Chat Pipeline Architecture
Max processes conversations through three distinct stages, each utilizing specific prompt components:
Pipeline Stages
- Skill Selection - Determines which skill to execute based on user input
- Parameter Selection - Identifies and validates parameters for the selected skill
- Final Response - Generates the assistant's response to the user
Prompt Component Visibility by Stage
Section | Stage 1: Skill Selection | Stage 2: Parameter Selection | Stage 3: Final Response |
---|---|---|---|
Today's Date | ✓ | ✓ | ✓ |
Persona | ✓ | ✓ | ✓ |
Data | ✓ | ✓ | ✓ |
Skills | ✓ (All skills) | ✓ (Selected skill only) | ✗ |
Response Guidance | ✓ (Skill Selection) | ✓ (Parameter Selection) | ✓ (Answer) |
ImportantResponse Guidance sections are only visible during their specific pipeline stage. For example, Skill Selection Response Guidance is not available during Parameter Selection.

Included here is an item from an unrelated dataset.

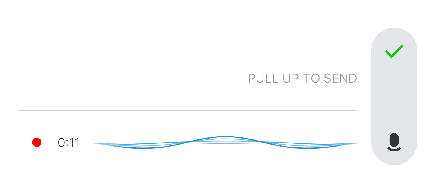 Für die neue Sprachnachrichten-Funktion wurde ein neues Zeichen in der Wire Menüleiste hinzugefügt. Wird das Zeichen gedrückt, startet die Aufnahme, wischt der Nutzer anschließend nach oben, wird die Nachricht sofort gesendet. Wer sich die Nachricht zuvor lieber noch einmal anhören möchte, nimmt hierfür nur den Finger vom Zeichen, um die Nachricht abzuspielen und anschließend entweder zu senden oder zu löschen.

Configuring Prompt Variables
Navigate to Skill Studio → Settings → Prompt Variables to configure these essential components:
1. Persona
Defines the assistant's identity, expertise, and communication style.
Best Practices:
- Define Clear Identity: Specify the assistant's role and name (e.g., "You are Max, a pricing analyst for Kimberly-Clark")
- Establish Communication Style: Set tone, formality, and response format (e.g., "Provide clear, concise insights that are relevant for the user")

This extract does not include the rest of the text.